Was ist denn das zentrale Ergebnis, welchen Gewinn hat ein westfälischer Kollege, wenn er Ihre Arbeit liest und nutzt?

Nun, die Arbeit bietet zunächst einmal eine Schritt-für-Schritt-Anleitung, um die Keramik der westfälischen Urnenfriedhöfe typologisch zu sortieren und mit einheitlichen Termini zu beschreiben. Darauf aufbauend erfolgt eine erste grobchronologische Einordnung der Gefäße, welche den aktuellen Forschungsstand, auch unter Berücksichtigung von 14C-Daten, widerspiegelt. Allein das ist ein großer Fortschritt, da bisher sehr mühselige Literaturrecherchen notwendig waren, um überhaupt datierbare Vergleichsfunde ausfindig zu machen. Das beginnt schon beim Begriffs-Dschungel, da es für dieselben Gefäßformen, je nach Bearbeiter, sehr unterschiedliche Bezeichnungen gibt. Für die drei Leitformen der Doppelkoni, Halsdoppelkoni und Terrinen – also den geläufigen Urnentypen – liegen mit meiner Arbeit jetzt außerdem metrische Indizes vor, welche die generelle Tendenz der Formentwicklung nachvollziehen und so eine feinchronologische Ansprache ermöglichen. Am Ende steht ein Gesamtpaket, das die wissenschaftliche Aufarbeitung spätbronze- und früheisenzeitlicher Grabkeramik erheblich erleichtert und erstmals, in Diskussion mit Metallfunden und Grabformen, die feinchronologische Auswertung der Urnenfriedhöfe erlaubt. Und an diesem Punkt darf man im Hinblick auf künftige Forschung weiterfragen: Wie steht es um Belegungsabfolgen, die Entwicklung von Bestattungssitten, im Grabbrauch ablesbare Sozialstrukturen und um den demographischen Wandel?

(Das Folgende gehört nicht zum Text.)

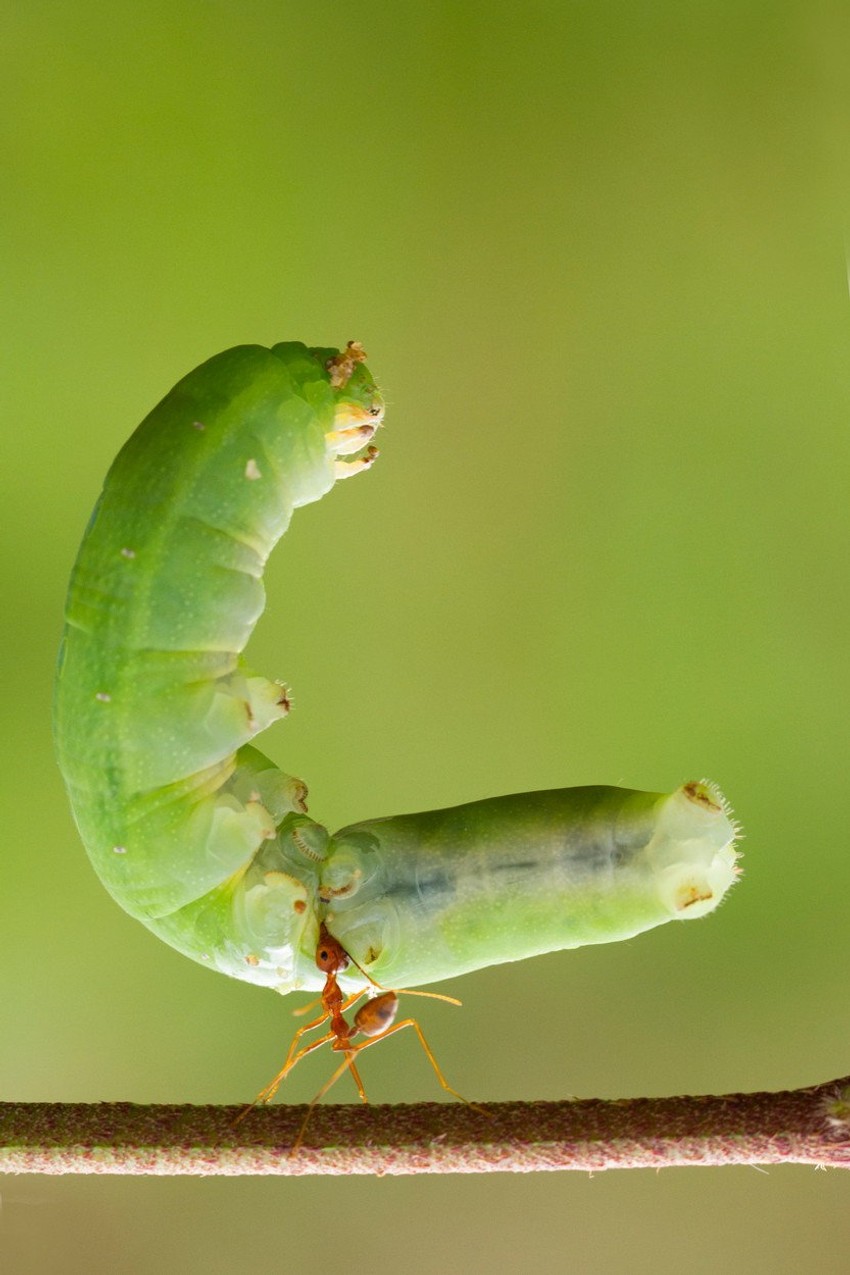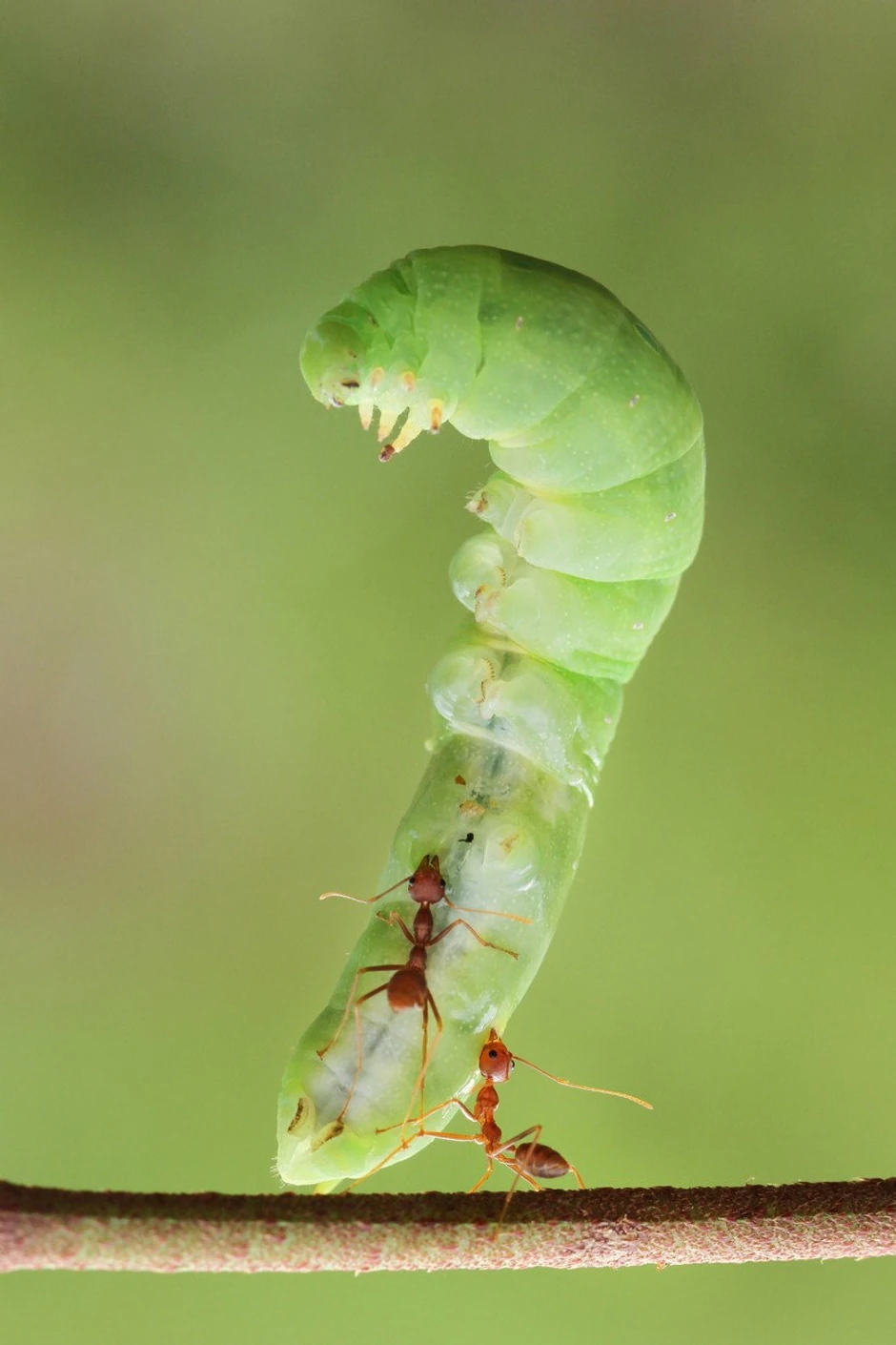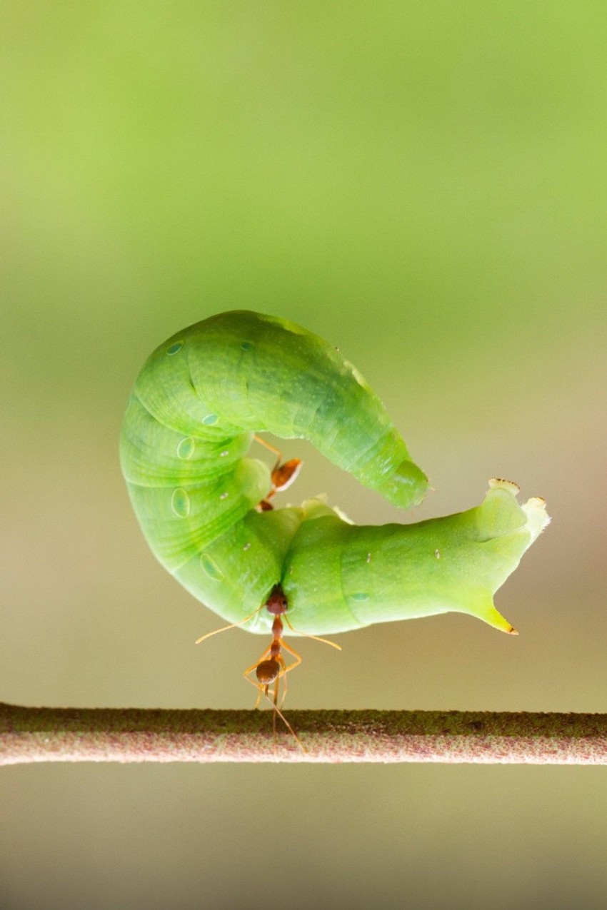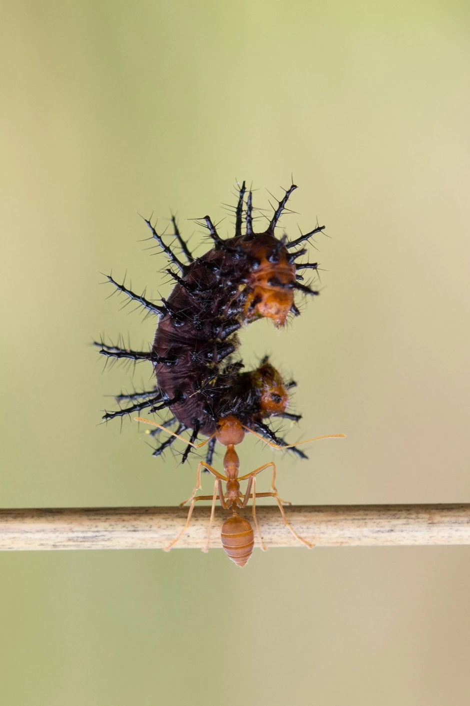 Mravi sa ovih fotografija su savladali gusenice koristeći samo usta.
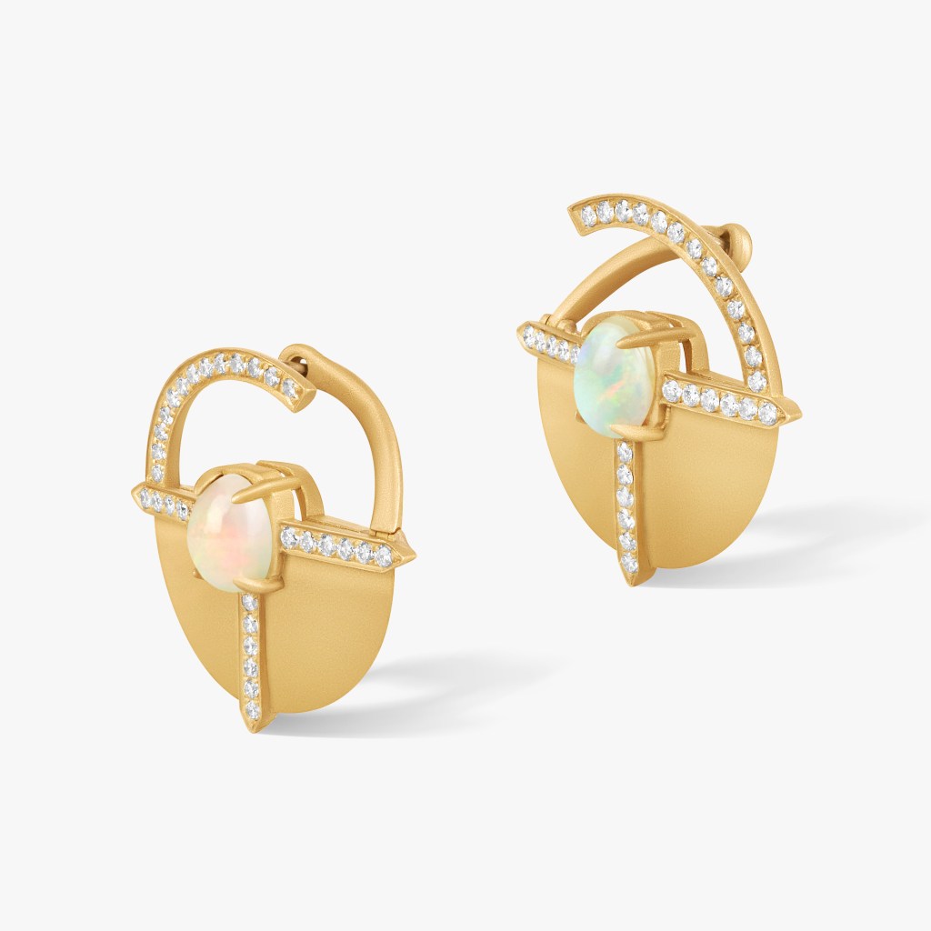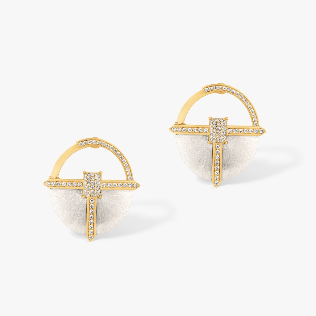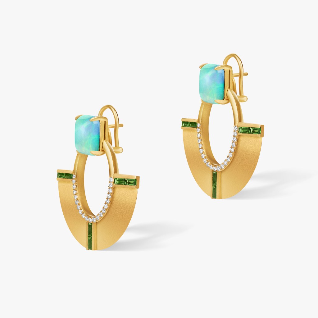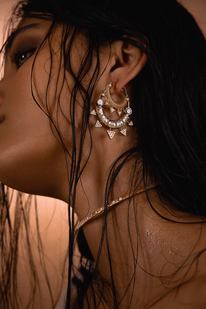 Ashaha’s essence combines traditional Berber craftsmanship, showcasing meticulously worked and brushed gold with a solid, raw, almost antique quality. The designs feature bold geometric shapes, symbolism, and vibrant primary colours, embodying an edgy, avant-garde style. Drawing inspiration from the 70s, when Berber jewellery was widely admired and worn by iconic figures, Ashaha’s aesthetic embraces contemporary modernity. It also reflects how Amazigh Berber women accumulate jewellery, incorporating this layered, abundant style into its designs, creating a unique blend of heritage and current trends.

Was bedeutet die Auszeichnung für Sie?

Ich habe mich unheimlich darüber gefreut, zumal ich nie damit gerechnet hätte! Mir ist durchaus bewusst wie spröde die Arbeit ist, sowohl was das Material betrifft als auch bezüglich der Auswertungsstrategien. Ich war schon von dem Vorschlag für die Nominierung sehr überrascht und dachte, dass mit »Ems-Gurken« – so wird diese Keramik in Westfalen gern genannt - doch sicherlich kein Preis zu holen ist. Für meine eigene Forschung bedeutet dies aber auch, dass das wenig populäre Methodenstudium ad extremum seine Berechtigung hat und durchaus auch so wahrgenommen wird. Das motiviert mich natürlich sehr für weitere Projekte!

 

Die ausgezeichnete Arbeit »Spätbronze- und früheisenzeitliche Grabkeramik in Westfalen: Typologische Klassifikation und Chronologie« wird derzeit für die Publikation in den Schriftenreihen der DGUF vorbereitet.